Examples and comparative examples of the powder fluid conveying member are shown below. Example 5 (Powder fluid conveying member) A mirror-finished aluminum sample plate (60 mm × 90 mm) was prepared in the same manner as in Example 2 using a Q-switch YAG laser processing machine (manufactured by HOYA Containium).
× 2 mm), sample plates 108, 109, 214, 21 each having a concave portion having a diameter and a surface aperture ratio shown in Table 5.
5, 216 were produced. The sample plate manufactured by the laser processing substantially maintained the dimension before the processing in the thickness direction. Also, on the same aluminum sample plate,
80 of Fuji random, an abrasive manufactured by Fuji Manufacturing Co., Ltd.
Sample plates 217 and 218 having recesses formed by blasting using No. 120 were manufactured. The dimensions of the sample plate produced by blasting were different from those before processing.
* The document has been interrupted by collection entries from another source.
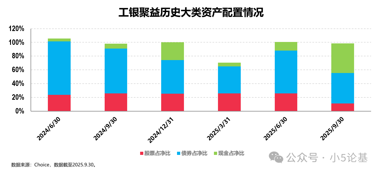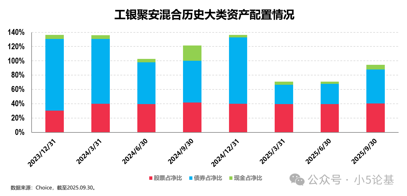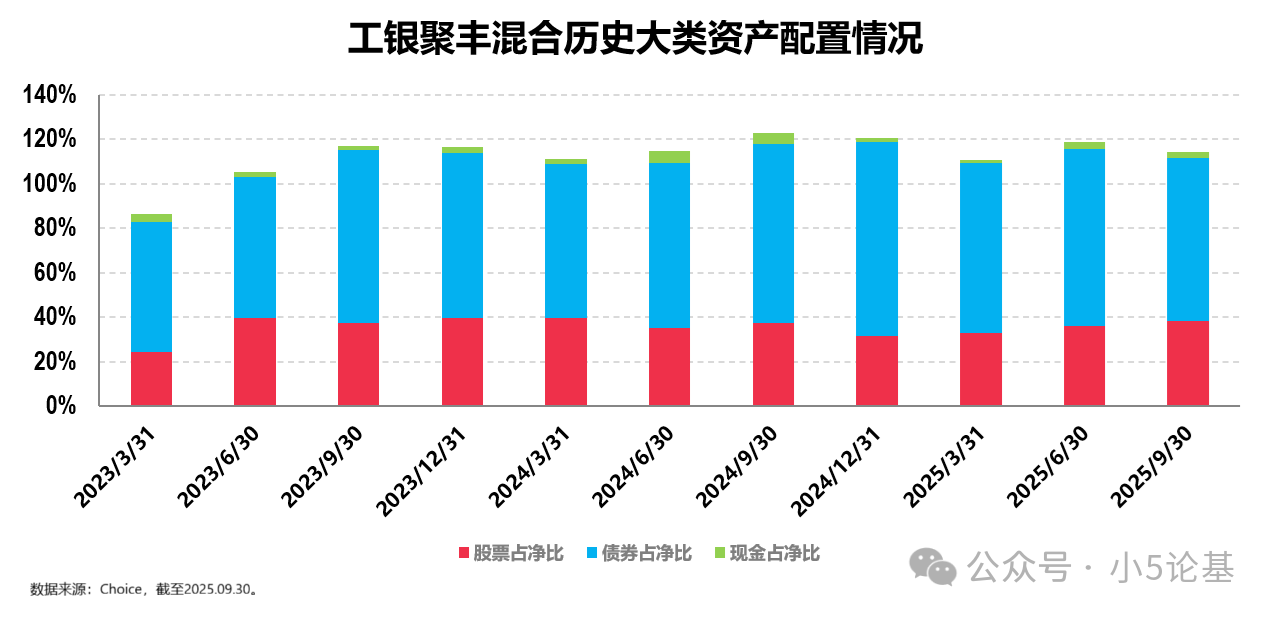 从历史持仓数据来看,自2024年二季度至2025年三季度,工银聚益混合的平均股票(含港股)仓位为22.86%,平均债券仓位为56.42%,股债仓位均会做一定调整。最新的2025年三季报显示,其股票(含港股)仓位为11.16%,债券仓位为44.17%。(数据来源:基金各定期报告,股票、债券仓位为占基金资产净值的比例。)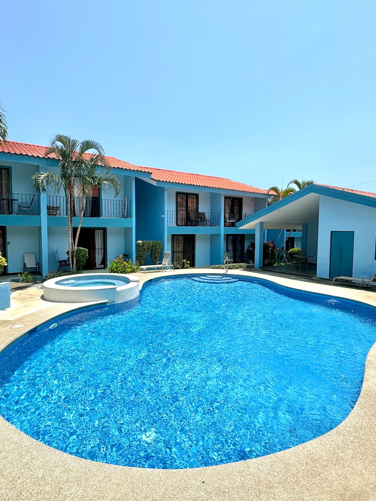 Ħu lill-familja kollha f 'dal-post mill-aqwa b' ħafna spazju biex tieħu gost! 2 sodod, 2 suites tal-banju b 'pixxina u jacuzzi. Ħarsa kbira għad-dell u BBQ! Qrib l-ajruport, xiri fiċ-ċentru tal-belt tal-Liberja u sewqan ta 'malajr lejn uħud mill-aktar bajjiet sbieħ fil-Kosta Rika. Nadif u mibni ġdid, bi kċejjen kbar u l-appliances kollha. Is-suites għandhom arja kkundizzjonata, ilma sħun, ħasil tal-ħwejjeġ, TV bil-cable u internet veloċi u parkeġġ sigur ġewwa l-bieb. Ejja gawdi t-temp sħun is-sena kollha!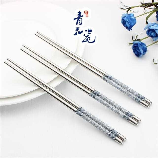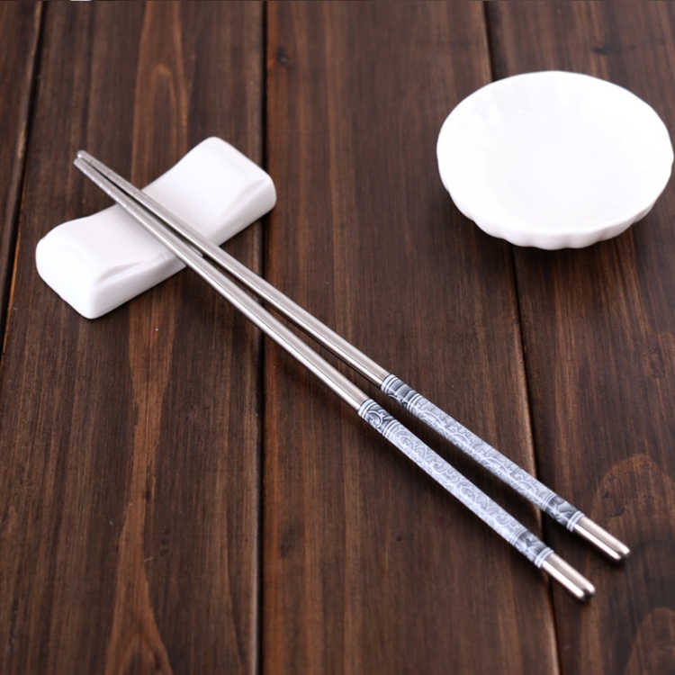5 - 50 double household green ceramic chopsticks metal anti - slip anti - hot stainless steel chopsticks group tableware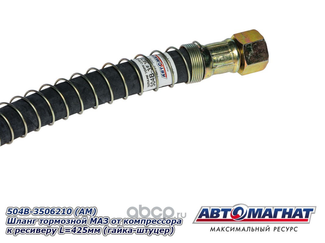 Шланг тормозной МАЗ-5440B9, 6430B9 от компрессора к ресиверу L=425мм (гайка-штуцер)

Using these sample plates, the developer carrying capacity and the carrying accuracy were evaluated. Figure 1 shows how to evaluate the transfer capacity
2 will be described. In FIG. 12, reference numeral 20 denotes a sample plate, 22 denotes a container, and 24 denotes a toner for a copying machine. The obtained sample plate 20 is placed on a toner for a copying machine (manufactured by Sharp Corporation) 24 placed in a container 22 with the laser processing surface facing upward.
The insertion was performed at an angle of 0 to 70 degrees, this was lifted at a constant speed, the toner on the sample plate 20 was collected, and the weight was measured. The evaluation of the transport accuracy was performed by measuring the weight of the toner transported by the same method five times for each sample plate, and taking the difference between the maximum value and the minimum value. The smaller the difference, the better the transport accuracy.

[0060]

[Table 5]

From Table 5, it can be seen that the sample plates 108, 1
It can be seen that the powder fluid transporting member using No. 09 has not only excellent transporting ability but also excellent transporting accuracy. In the powder fluid conveying member of the comparative example using the sample plate 214 in which the depth of each recess is insufficient and the sample plate 215 having a small surface aperture ratio, the sample plate 216 having a low carrying capacity and a large diameter of each recess was used. The powder-fluid conveying member of the comparative example has the conveying ability but the conveying accuracy is low, and the conveying ability and the conveying accuracy are not compatible with the powder-fluid conveying member of the comparative example using the sample plates 217 and 218 manufactured by blasting. I understand.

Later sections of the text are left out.